Frost fire consumed rakke shades, eating their essence until nothing but disembodied screams of pain remained to echo in the night. The temperature continued to fall as death swept across the mortal plane. It beckoned to things dead and gone eons before rakkes ever walked the earth. Huge, multilegged creatures with spike-crusted claws scrambled into being, lunging and stabbing at the shades of the Iron Elves and forcing them to slowly retreat.

The vortex around the creature continued to grow, its scouring winds tearing and scattering anything and everything they touched. It fed on the darkness, drawing ever more power as time disgorged dead after dead onto the field of battle. Each new creature was more twisted and broken than the last, its memory of what it was so fragmented that it could only piece together parts of what it had once been. What remained as strong as ever, however, was the rapacious need to feed, and these monsters of tentacle and spike, fang and barb, flew at the shades of the Iron Elves with abandon. The shades fell back, and Alwyn let them, knowing that not even they could withstand this force.

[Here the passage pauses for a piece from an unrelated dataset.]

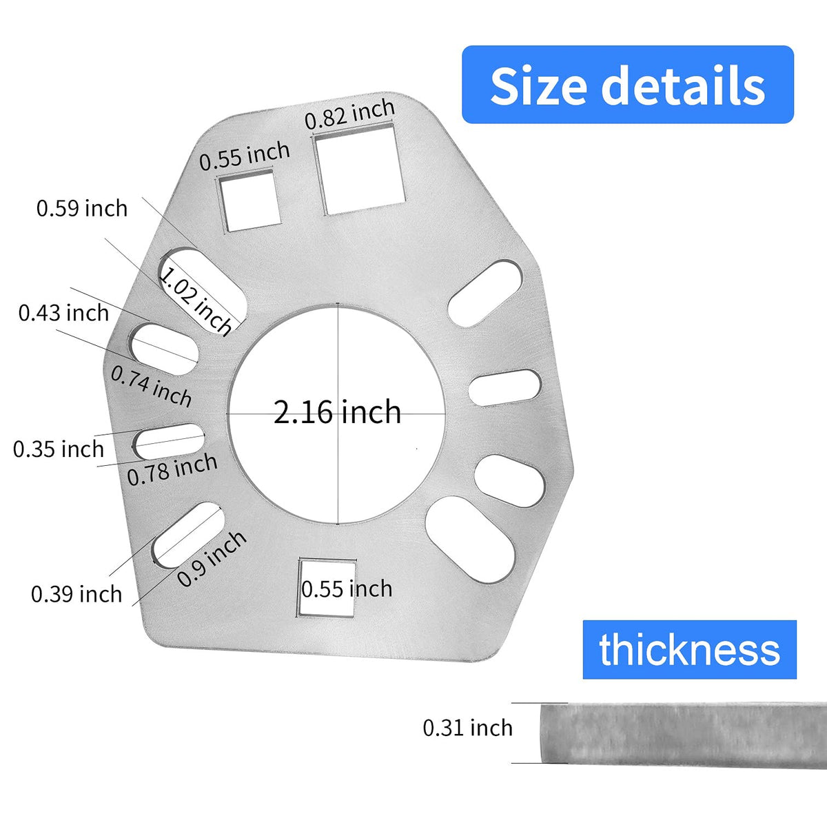 Q: Are there any specific size details I should be aware of?A: Yes, the wrench accommodates various slotted bolt styles for 1/4", 5/16", and 3/8" fasteners. The center socket hole measures 2 inches. For more detailed size information, please refer to the second picture provided in the listing.

There was only one way for this madness to stop.

Alwyn took in a breath and breathed out frost fire.

“I challenge you, Gwyn!” Alwyn shouted, and strode forth to meet the darkness head on.

TWENTY-SEVEN

Konowa, this is madness,” Visyna said, standing at the front gate of the fort. Except the front gate wasn’t there anymore. The two large wooden doors had been ripped from their hinges and repurposed by Viceroy Alstonfar. “The Viceroy is a very creative man, but this is just lunacy.”

Konowa couldn’t disagree, but he didn’t see what choice they had. He stepped aside as soldiers ran back and forth from inside the fort. They were scrambling to load as many supplies as would fit on the hastily constructed wooden contraption now resting on the top of the snow-covered roadway leading down to the desert floor. Armloads of anything and everything were being tossed onto the Viceroy’s invention, though Konowa thought a more apt description would be “disaster waiting to happen.” In this regard, he and Visyna agreed, but he couldn’t let her know that.

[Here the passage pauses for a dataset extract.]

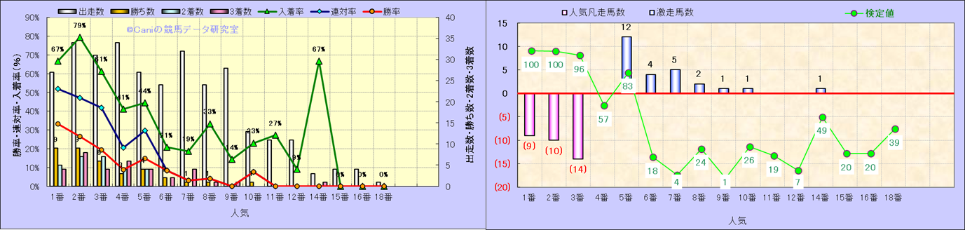 人気凡走馬:1-3番人気で着外、激走馬:5-18番人気で入着 |

“Careful, Major, coming through,” a soldier said, tottering under the weight of a large wooden cask. Anything of possible value, especially foodstuffs, were being hurriedly bundled and loaded as RSM Arkhorn barked orders that would sound more at home in a grocer’s shop: “Try to find a bag of flour with a few less rat droppings in it! Don’t go mixing the tins of boot polish with the tins of jam. Some of us will be wanting toast later, and if I open the wrong tin in the dark guess who’ll be eating every bite!”